Let’s go with your example: 1 person at well-being −10, critical level 5; 1 person at well-being 30, so they set their critical level to 15 - a, so that the overall moral value is a. Now suppose:
(A) We can improve the first person’s well-being to 0 and leave the second person at 30, or
(B) We can improve the second person’s well-being to 300,000 and leave the first person at −10.
Assume the first person keeps their critical level at 5 in each case. If I’ve understood you correctly, in the first case, the second person should set their critical level to 25 - b, so that the total moral value is an infinitesimal, b; and in the second case, they should set it to 299,985 - c, so that again, the total moral value is an infinitesimal, c. If b > c or b = c, we get the problems facing lexical theories. So let’s say we choose b and c such that c > b. But if we also consider:
(C) improving the second person’s well-being to 31 and leave the first person at −10
We choose critical level 16 - d, I assume you want b > d because I assume you want to say that (C) is worse than (A). So if x(n) is the infinitesimal used when we can increase the second person’s well-being to n, we have x(300,000) > b > x(31). At some point, we’ll have m such that x(m+1) > b > x(m) (assuming some continuity, which I think is very plausible), but for simplicity, let’s say there’s an m such that x(m) = b. For concreteness, let’s say m = 50, so that we’re indifferent between increasing the second person’s well-being to 50 and increasing the first person’s to 0.
Now for a positive integer q, consider:
(Bq) We have q people at positive well-being level k, and the first person at well-being level −10.
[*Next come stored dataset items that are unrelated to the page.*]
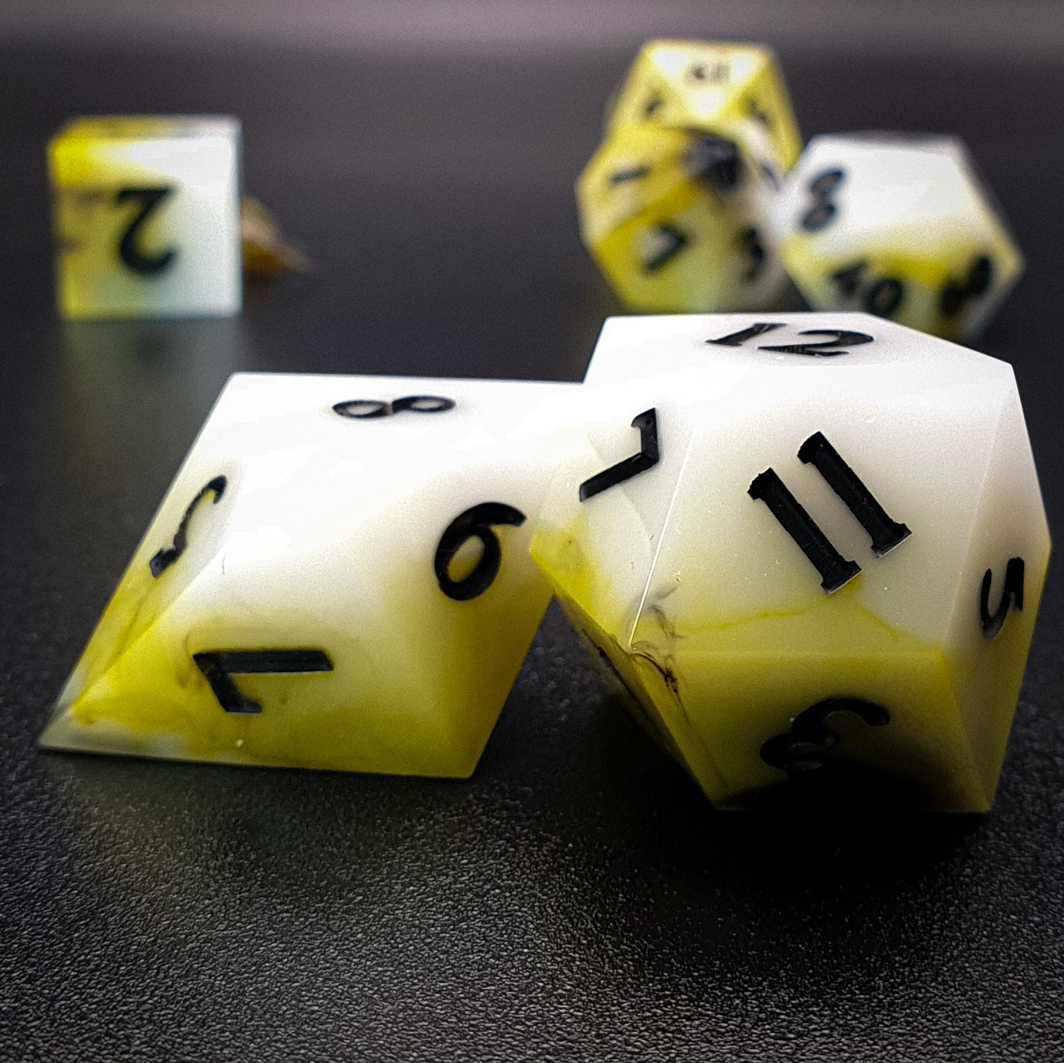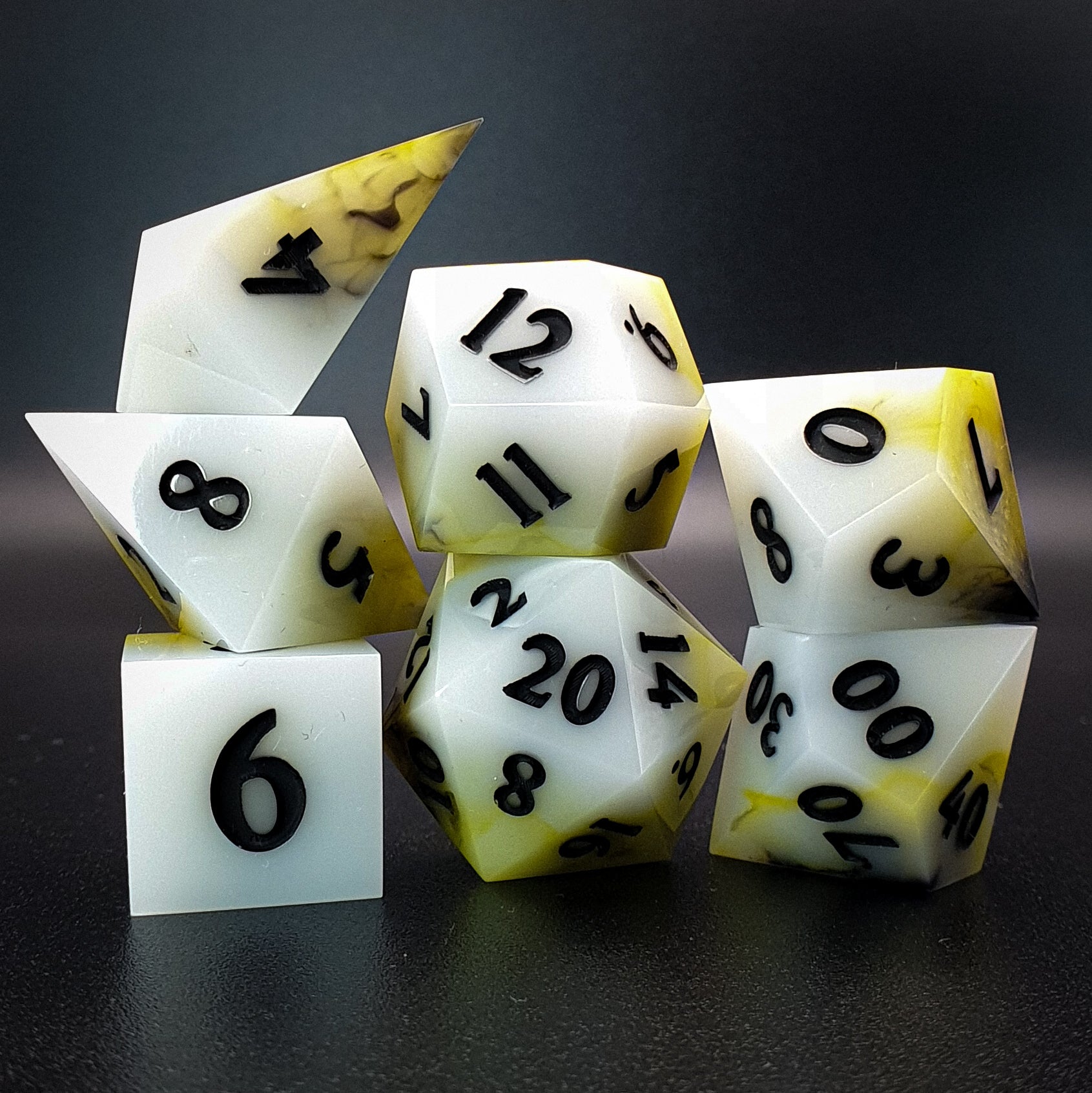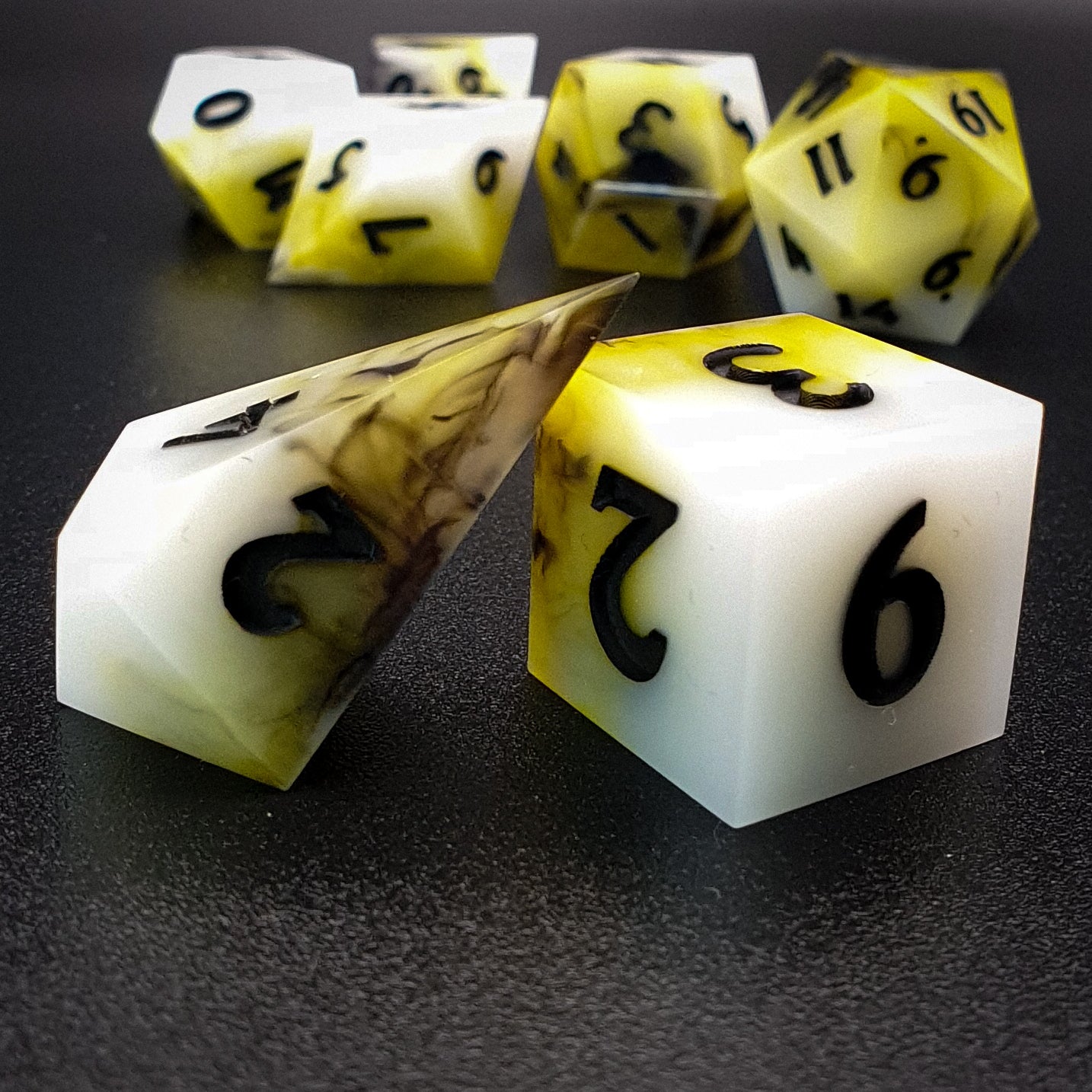 7-piece sharp edged polyhedral resin dice set for tabletop RPGs, featuring opaque white, yellow and black. Inked in black.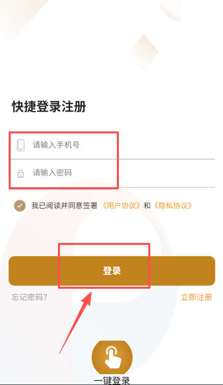3、在登录页输入手机号密码,勾选协议点击登录完成操作。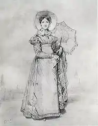 Вже сучасники помітили різницю між жіночими та чоловічими портретами пензля Енгра[1]. Жіночі портрети художника або відбивали захоплення моделлю, її зовнішньою привабливістю і багатством, або були суворо реалістичні і точно фіксували некрасиве обличчя, товсту статуру, модну сукню при відсутності розвиненого внутрішнього світу. Часто жіночі портрети Енгра (і олійними фарбами, і в малюнках) індиферентні, закриті, точні зовнішньо і в деталях, але байдужі до всього іншого, оквім одягу і аксесуарів.

Repeating the above procedure (for fixed q, letting k vary), there’s a well-being level k(q) such that we’re indifferent between (A) and (Bq). We can do this for each q. Then let’s say k(2) = 20, k(4) = 10, k(10) = 4, k(20) = 2, k(40) = 1 and so on… (This just gives the same ordering as totalism in these cases; I just chose factors of 40 in that sequence to make the arithmetic nice.) This means we’re indifferent between (A) and 40 people at well-being 1 with one person at −10, so we’d rather have 41 people at 1 and one person at −10 than (A). Increasing 41 allows us to get the same result with well-being levels even lower than 1 -- so this is just the sadistic repugnant conclusion. You can make it less bad by discounting positive well-being, but then you’ll inherit the problems facing lexical theories. Say you discount so that as q (the number of people) tends to infinity, the well-being level at which you’re indifferent with (A) tends to some positive number—say 10. Then 300,000 people at level 10 and one person at level −10 is worse than (A). But that means you face the same problem as lexical theories because you’ve traded vast amounts of positive well-being for a relatively small reduction in negative well-being. The lower you let this limit be, the closer you get to the sadistic repugnant conclusion, and the higher you let it be, the more your theory looks like lexical negative utilitarianism. You might try to get round this by appealing to something like vagueness/indeterminacy or incommensurability, but these approaches also have counter-intuitive results.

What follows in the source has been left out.